Provocación
Isaías Lafuente15/02/2006
El pasado domingo, una hoja parroquial del Arzobispado de Valencia, Aleluya, recogía un artículo, firmado por el sacerdote
Gonzalo Gironés, en el que acusaba de provocación a las mujeres maltratadas.
"Nadie ha dicho qué hicieron las víctimas, que más de una vez provocan con su lengua", afirma, y continúa:
"El varón, generalmente, no pierde los estribos por dominio, sino por debilidad: no aguanta más y reacciona descargando su fuerza que aplasta a la provocadora". ¡Pobre hombre! Le pinchan, no aguanta más y, claro, tiene que aplastar a la provocadora.
Sus argumentos no acaban ahí. A renglón seguido mezcla maltrato con aborto en un argumento alucinado que establece un paralelismo demoledor entre las 70 mujeres asesinadas por sus parejas y los 85.000 interrupciones de embarazo que cada año se producen en España.
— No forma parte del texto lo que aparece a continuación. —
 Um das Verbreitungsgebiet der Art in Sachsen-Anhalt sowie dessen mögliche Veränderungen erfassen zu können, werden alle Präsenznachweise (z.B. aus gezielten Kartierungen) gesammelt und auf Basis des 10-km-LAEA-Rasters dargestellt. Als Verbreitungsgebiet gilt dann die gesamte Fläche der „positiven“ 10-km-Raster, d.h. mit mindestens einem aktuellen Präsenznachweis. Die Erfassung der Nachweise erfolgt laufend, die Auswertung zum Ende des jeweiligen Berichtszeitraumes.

"Por cada muerta a manos de un hombre hubo 1.350 niños asesinados por voluntad de sus madres. Es peor". Es decir, si las hijas de Eva llevan milenios pagando lo de la manzana, las mujeres maltratadas de hoy deben pagar los pecados de las asesinas que abortan. Es difícil decir en tan pocas palabras tantas barbaridades.
La noticia la conocimos gracias a numerosos católicos que llamaron a los medios para expresar su indignación, lo que demuestra que en cualquier colectivo podemos encontrar a personas cabales, que suelen ser la mayoría, soportando a reaccionarios que pretenden hablar en su nombre. El Arzobispado de Valencia también reaccionó rápidamente, expedientando al sacerdote. Estaremos pendientes.
Importa menos la opinión personal del cura Gironés que su rancio sustento ideológico, que es exactamente el mismo que cada año lleva a miles de hombres a maltratar a sus parejas y a unas cuantas decenas a asesinarlas. Un sustento transversal, que actúa sobre todas las clases sociales, sobre hombres de cualquier edad. Un sustento consolidado durante siglos, firmemente arraigado, que lo que menos necesita es ser abonado por jardineros como este.
Al imán de Fuengirola,
Mohamed Kamal Mostafá, le costó 15 meses de prisión la publicación de un libro,
'La mujer en el Islam', en el que se daban precisos consejos sobre cómo pegar a una mujer sin dejar huella. Las mujeres maltratadas no necesitan más maltratos.